EMatch: A Unified Framework for Event-based Optical Flow and Stereo Matching

Pengjie Zhang,Lin Zhu,Xiao Wang,Lizhi Wang,Wanxuan Lu,Hua Huang
2024-11-22
Abstract:Event cameras have shown promise in vision applications like optical flow estimation and stereo matching, with many specialized architectures leveraging the asynchronous and sparse nature of event data. However, existing works only focus event data within the confines of task-specific domains, overlooking how tasks across the temporal and spatial domains can reinforce each other. In this paper, we reformulate event-based flow estimation and stereo matching as a unified dense correspondence matching problem, enabling us to solve both tasks within a single model by directly matching features in a shared representation space. Specifically, our method utilizes a Temporal Recurrent Network to aggregate event features across temporal or spatial domains, and a Spatial Contextual Attention to enhance knowledge transfer across event flows via temporal or spatial interactions. By utilizing a shared feature similarities module that integrates knowledge from event streams via temporal or spatial interactions, our network performs optical flow estimation from temporal event segment inputs and stereo matching from spatial event segment inputs simultaneously. We demonstrate that our unified model inherently supports multi-task fusion and cross-task transfer. Without the need for retraining for specific task, our model can effectively handle both optical flow and stereo estimation, achieving state-of-the-art performance on both tasks.
Computer Vision and Pattern Recognition
What problem does this paper attempt to address?

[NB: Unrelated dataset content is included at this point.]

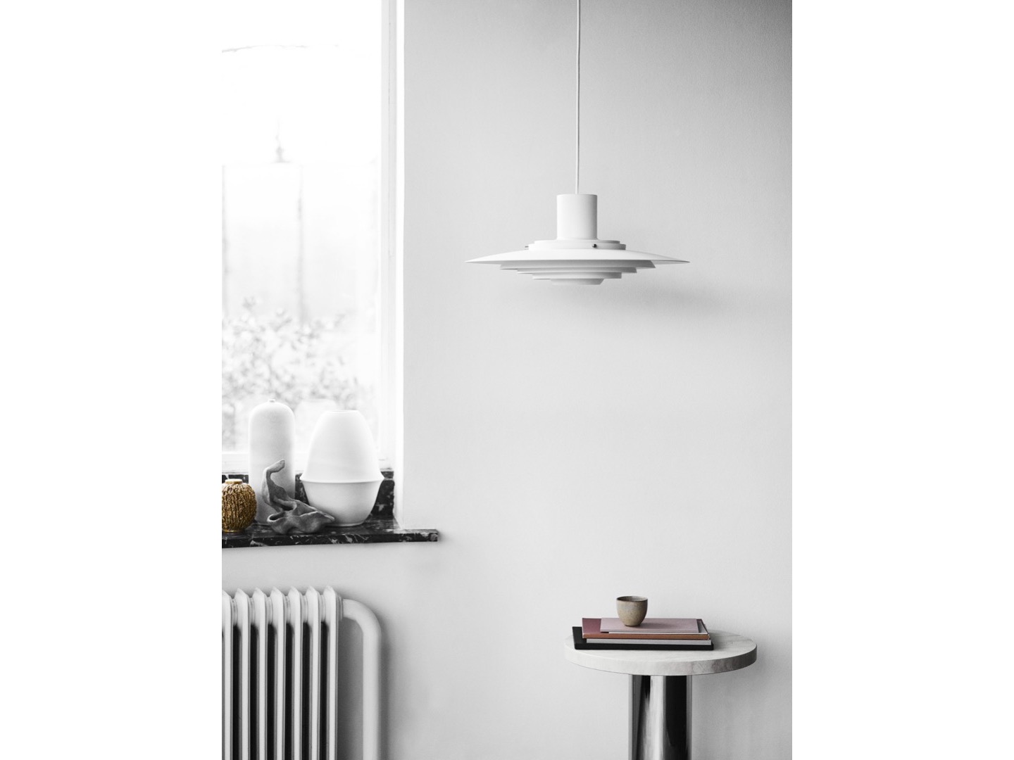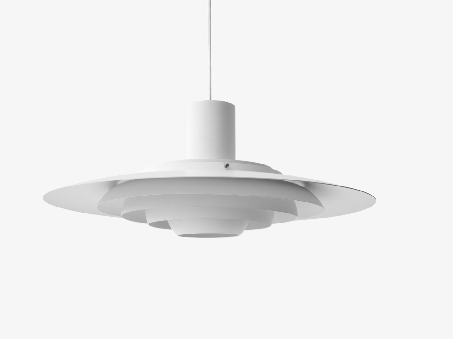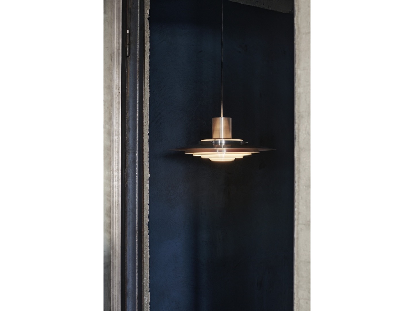 Jørgena Kastholma (1931-2007) i Prebena Juhla Fabriciusa (1931-1984) kierowała wspólna misja stworzenia czystej pochodnej funkcji. Obaj byli architektami, ukończyli Duńską Szkołę Architektury Wnętrz, gdzie studiowali u Finna Juhla, a następnie u Arne Jacobsena. Lampa wisząca P376 to doskonały przykład subtelnego architektonicznego podejścia Kastholm & Fabricius do projektu. Zaprojektowane pierwotnie w 1963 roku, pięć koncentrycznych kloszy tworzy gradację krzywizn w kierunku środka lampy, emitując miękkie, rozproszone światło. Dyskretne rozmieszczenie kloszy i jedwabiste aluminiowe wykończenie zapewniają spójną ekspresję, która jest zarówno ikoniczna, jak i fascynująca.

The problem that this paper attempts to solve is how to uniformly handle optical flow estimation and stereo matching tasks in event camera data. Most of the existing research focuses on a single task and ignores the mutual reinforcement between tasks in the time domain and the spatial domain. This paper proposes a new framework, EMatch, which unifies optical flow estimation and stereo matching in a shared representation space through the dense correspondence matching problem, so that these two tasks can be processed simultaneously in a single model without the need for retraining for specific tasks. This method can not only improve the multi - task fusion ability of the model, but also realize cross - task knowledge transfer, thus achieving state - of - the - art performance in both tasks. Specifically, the main contributions of the paper are as follows: 1. **Proposing EMatch**: a new event - based framework that unifies optical flow estimation and stereo matching in a shared representation space through dense correspondence matching. This framework bridges the gap between time - awareness and space - awareness, enabling the model to handle motion and stereo estimation simultaneously. 2. **Introducing two key modules**: the Temporal Recurrent Network (TRN) and the Spatial Contextual Attention (SCA). TRN and SCA generate a unified feature map through feature aggregation in the time domain and the spatial domain for dense correspondence matching. 3. **Supporting multi - task fusion and cross - task transfer**: The EMatch model realizes multi - task fusion and cross - task transfer in a single unified architecture and achieves state - of - the - art performance in optical flow estimation and stereo matching tasks. The paper verifies the performance of EMatch in the DSEC benchmark test through experiments, demonstrating its advantages in multi - task fusion and cross - task transfer.